**Task objective**
Begin at the line containing "Parure Magma rouge" and give again every line to the end of the records, exactly, without the pictures.
╔══
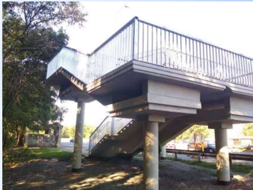
Після виконання робіт
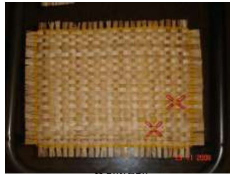
Producto mejorado: se percibe manejo de color, limpieza en el tejido, adecuación de tamaño del individual a 45x30 cm.
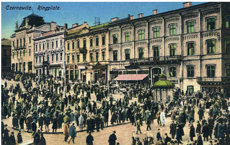
Czernowitz, Hauptstadt des österreichischen Kronlandes Bukowina
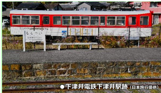
● 下津井電鉄下津井駅跡
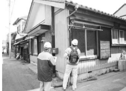
▲木造住宅耐震診断の様子
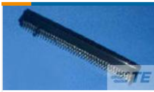
TE 系列/零件编号1- 1734774-4 PCI EXP 3.1L 164 POS WHT 15u"
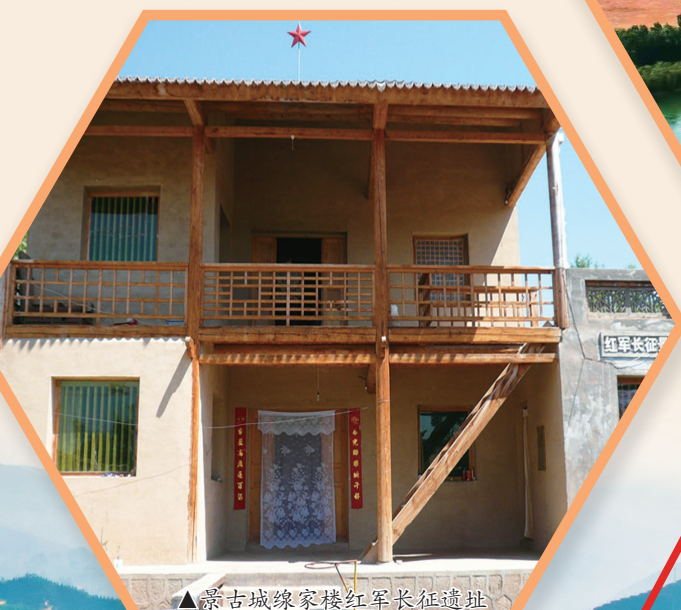
▲景古城隍家楼红军长征遗址
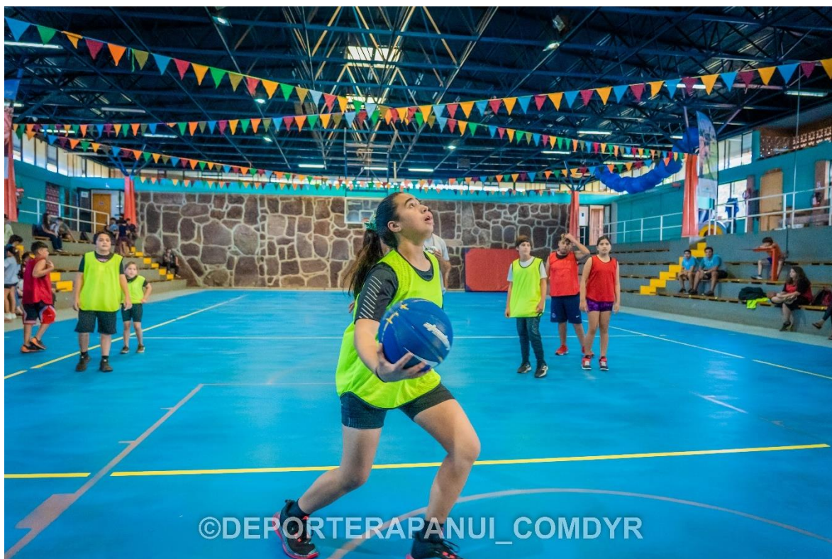
Imagen N°6: Taller de Basquetbol – COMDYR 2022.
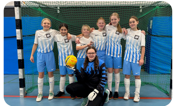
Unsere spielstarke Fußballmannschaft
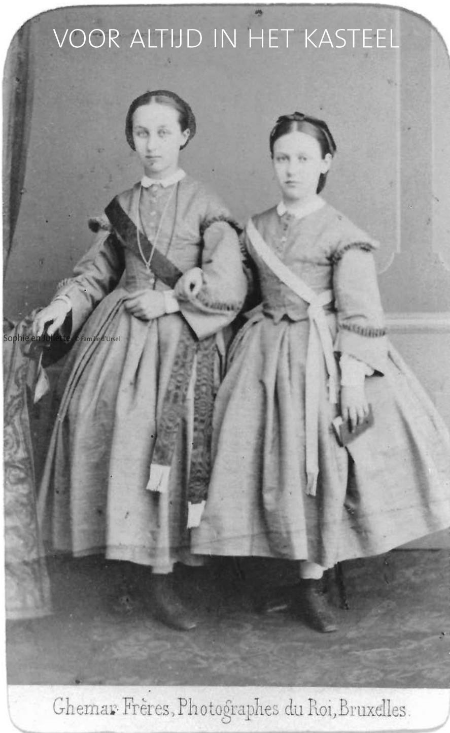
Sophie en Juliette
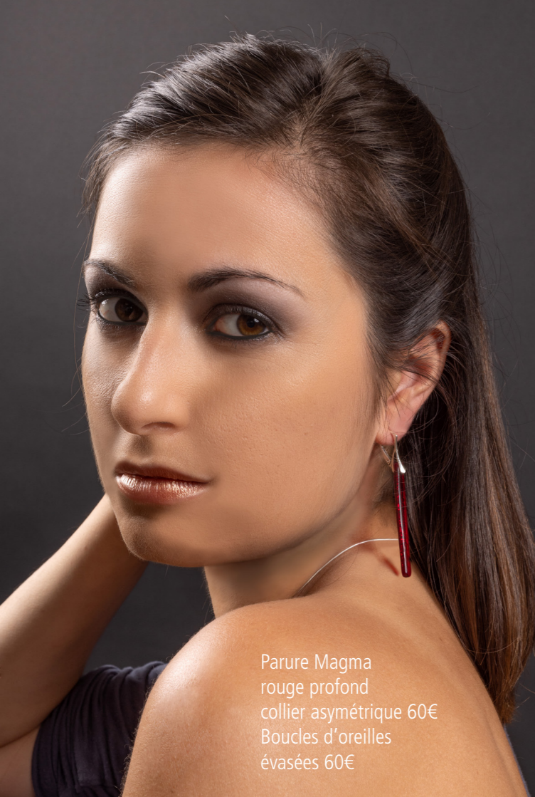
Parure Magma rouge profond collier asymétrique 60€ Boucles d'oreilles évasées 60€
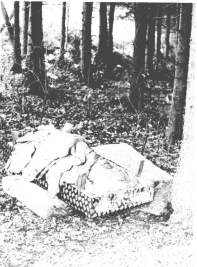
Udobje pod vedrim nebom
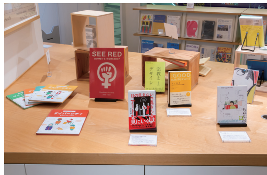
ライブラリーでは、連動企画として「世界のクリエイティブを“ひらく”本」と題して、展示テーマを掘り下げた図書コーナーを設置。「自らをひらくこと」「多様性と想像力」「人のためのテクノロジー」「身の丈の環境問題」という4つのトピックで書籍を展示
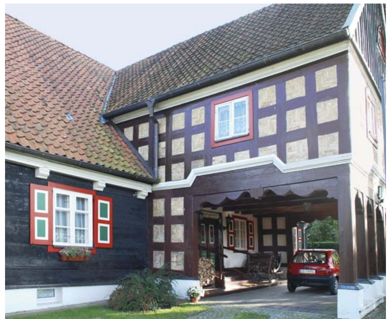
9 – GERESTAUREERDE ARCADEBOERDERIJ IN ŻUŁAWKY (VH. FÜRSTENWERDER) FOTO: CORTEN, 2008
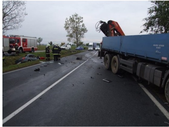
Az ütközés helyszíne
╚══
**Output**
Parure Magma rouge profond collier asymétrique 60€ Boucles d'oreilles évasées 60€
Udobje pod vedrim nebom
ライブラリーでは、連動企画として「世界のクリエイティブを“ひらく”本」と題して、展示テーマを掘り下げた図書コーナーを設置。「自らをひらくこと」「多様性と想像力」「人のためのテクノロジー」「身の丈の環境問題」という4つのトピックで書籍を展示
9 – GERESTAUREERDE ARCADEBOERDERIJ IN ŻUŁAWKY (VH. FÜRSTENWERDER) FOTO: CORTEN, 2008
Az ütközés helyszíne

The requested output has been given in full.